I am relying on memory again here but the two lads were deported instead of hung. They were in reality, as both were landed gentry, treated as gentleman prisoners. Even though they were in two separate areas and not allowed to fraternise they used to meet in the middle of a certain bridge for Sunday tea, each sitting on their own side of the centre line. This may have been the bridge, I will need to check "The Great Shame" when I get home (written by the Australian Thomas Kennelly of Schindler's Ark fame).
Anyway Smith O Brien because he refused to sign a bond promising not to attempt to escape, ended up in Port Arthur but had his own cottage and most certainly did not experience any of the hardships of the other prisoners. Thomas Francis Meaghar was able to move about within his designated area and met and married a Miss Catherine Bennett in 1851. The lads sent a boat from The States in 1852 and TF escaped from Tasmania to New York where he received a hero's welcome. He wife was at the time four months pregnant but their son died aged four months of influenza. He was buried in St John's Church in Richmond.
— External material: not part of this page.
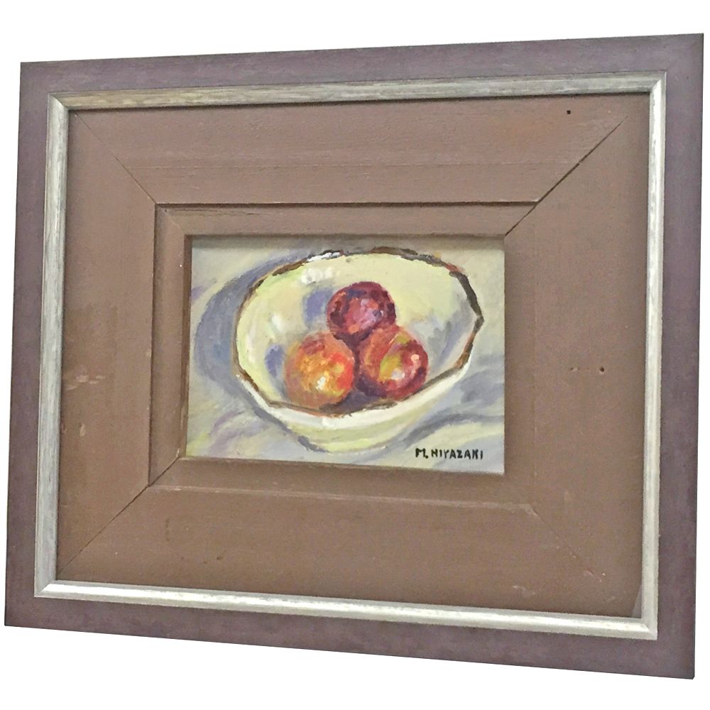 額縁に入った小さめの油絵の作品です。元からの額縁を生かして、額縁を額縁に入れました。元の額縁が、フラットでシンプルなデザインだったのが幸を奏しました。まるで元の額縁がマット材のような働きをしています。表面カバーのアクリルが付属していませんでしたが、こちらの額装では表面カバーも付いて万全です。

Shortly afterwards his wife left for Ireland and from there joined her husband in New York. She returned to Ireland to TF's family in Waterford due to ill health (or some say estrangement) and died there in 1854 at the tender age of 24 years. T.F. went on to become a General in the American Civil War, commanding the famous Irish Brigade (I am a Civil War buff!) He obviously could not return to Ireland so after the war he became Governor of Montana. He drowned falling off a river boat on the Missouri River in 1867 but his body was never recovered. Some say that he fell overboard, some say that he was pushed and others say that he was blind drunk and fell overboard (I told you that I am a buff!) Thus this tragic family were separated not only in life but also in death. One lies in a grave in Richmond, Tasmania; the other in Waterford Ireland and the Irish patriot in the bed of the Missouri. What a sad story.